Quand une écrivaine se livre... portrait de Lenka HORNAKOVA-CIVADE

Publié par Tlivres
Quand une écrivaine se livre... portrait de Lenka HORNAKOVA-CIVADE

Très chère Lenka, nous nous connaissons depuis quelques temps maintenant, depuis la sortie de "Giboulées de soleil" en fait.  C'était il y a un peu plus de trois ans. Les fées des 68 Premières fois l'avaient sélectionné comme un premier roman prometteur, elles ne s'y étaient pas trompées.

Depuis, il y a eu "Une verrière sous le ciel" et puis, tout récemment "La Symphonie du Nouveau Monde".

Trois romans, trois coups de cœur pour moi ! Tu as accepté de répondre à mes questions aujourd'hui, tu m'en vois ravie ! 

Avant d'aborder cette rentrée littéraire tout à fait sensationnelle te concernant, peux-tu nous parler de ton rapport à l’écriture ? Qu'est-ce qu'elle représente pour toi ?

Vassily Kandinsky a dit à propos de la peinture qu’elle est une nécessité intérieure. Je trouve que cela exprime parfaitement mon rapport à l’écriture, et à la peinture aussi. Une nécessité fondamentale. 

Dans quel environnement écris-tu ? Une pièce en particulier ? 

Il y a, pour moi, plusieurs temps d’écriture. Les premières notes et les idées, je peux les prendre pratiquement n’importe où, dans une gare, en marchant, sur la terrasse d’un café, j’ai toujours un carnet avec moi. Ensuite, il y a un temps de travail de composition, d’écriture proprement dit, et là, il me faut le calme, la solitude, un certain retrait, quelque chose de presque monacal. Mais pas nécessairement chez moi.

Tes trois romans ont été publiés chez Alma Editeur. Qu’est-ce qui fait que l’on reste fidèle à une maison d’édition ?

Mis à part deux ou trois personnes très intimes, des lecteurs- privilégiés, on fait lire son texte, parfois encore en cours d’écriture, d’abord à son éditeur. C’est une grande chose, alors il faut beaucoup de confiance, une relation tout à fait particulière. Je fais confiance à Alma.

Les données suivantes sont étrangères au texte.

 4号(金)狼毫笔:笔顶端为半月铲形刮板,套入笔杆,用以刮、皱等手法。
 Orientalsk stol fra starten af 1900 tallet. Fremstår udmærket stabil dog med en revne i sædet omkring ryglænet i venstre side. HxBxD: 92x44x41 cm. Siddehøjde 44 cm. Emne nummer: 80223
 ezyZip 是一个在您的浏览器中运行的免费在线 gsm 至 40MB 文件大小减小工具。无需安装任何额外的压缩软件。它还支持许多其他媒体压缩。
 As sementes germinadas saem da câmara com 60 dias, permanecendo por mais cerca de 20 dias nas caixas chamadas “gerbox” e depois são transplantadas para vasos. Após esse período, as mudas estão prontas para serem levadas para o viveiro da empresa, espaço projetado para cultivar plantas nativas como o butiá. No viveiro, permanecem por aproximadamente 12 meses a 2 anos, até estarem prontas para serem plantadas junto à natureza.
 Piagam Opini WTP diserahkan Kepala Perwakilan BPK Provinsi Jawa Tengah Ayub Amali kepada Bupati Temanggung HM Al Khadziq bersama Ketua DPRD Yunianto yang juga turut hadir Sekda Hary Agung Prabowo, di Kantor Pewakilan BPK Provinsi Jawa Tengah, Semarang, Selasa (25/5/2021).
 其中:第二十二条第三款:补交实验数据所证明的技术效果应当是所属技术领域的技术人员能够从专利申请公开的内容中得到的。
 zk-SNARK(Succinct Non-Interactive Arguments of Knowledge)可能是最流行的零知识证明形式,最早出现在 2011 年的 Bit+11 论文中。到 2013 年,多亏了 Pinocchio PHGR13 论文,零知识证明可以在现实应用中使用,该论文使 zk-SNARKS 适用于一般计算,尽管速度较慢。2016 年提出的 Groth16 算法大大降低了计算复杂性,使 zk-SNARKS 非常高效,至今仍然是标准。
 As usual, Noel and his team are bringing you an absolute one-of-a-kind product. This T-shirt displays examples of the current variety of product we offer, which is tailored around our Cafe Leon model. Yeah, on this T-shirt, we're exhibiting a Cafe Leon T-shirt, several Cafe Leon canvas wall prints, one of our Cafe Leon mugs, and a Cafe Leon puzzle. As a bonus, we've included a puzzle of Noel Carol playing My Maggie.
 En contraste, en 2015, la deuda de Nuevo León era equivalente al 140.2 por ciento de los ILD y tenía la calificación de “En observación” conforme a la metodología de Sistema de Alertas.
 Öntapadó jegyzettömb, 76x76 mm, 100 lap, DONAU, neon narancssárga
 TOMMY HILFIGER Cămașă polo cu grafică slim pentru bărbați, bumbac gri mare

Ton tout dernier roman « La Symphonie du Nouveau Monde » vient de sortir en librairie. Peux-tu nous dire ce qui t'a inspirée ?

Grâce à une rencontre il y a quelques années avec un membre du corps diplomatique tchèque, j’ai entendu, pour la première fois, parler de Vladimír Vochoč, le consul tchécoslovaque à Marseille entre les années 1938 - 1941. Son histoire était passionnante, mais encore plus intriguant était le fait que lui-même et son action, pourtant héroïque, était presque oubliés, en tout cas tout à fait inconnus du grand public. Cette question de la mémoire et de l’oubli, des silences imposés et subis, y compris volontairement, tout cela était déjà la matière très intéressante pour un roman.

Et puis ce personnage de la poupée, une prodigieuse invention. Peux-tu nous en parler ?

Impertinente, perspicace, curieuse, elle est au cœur des événements mais garde une distance qui lui permet de voir et dire des choses. C’est une narratrice idéale. Puis, malgré le fait qu’elle soit une poupée de chiffon, elle possède véritablement un cœur. Et elle prétend même de respirer et d’avoir une âme !

Ce roman "La Symphonie du Nouveau Monde" tient un propos militant. Il concourt au devoir de mémoire notamment d'un homme, pourquoi ?

Les rapports entre l’individu et la grande Histoire m’intéressent profondément. Dans les "Giboulées du soleil", il s’agissait de la transmission entre les générations dans un contexte historique contraignant, "Une Verrière sous le ciel" examine les frontières intérieures de l’individu et celles entre la vérité et la réalité, les illusions et les possibilités.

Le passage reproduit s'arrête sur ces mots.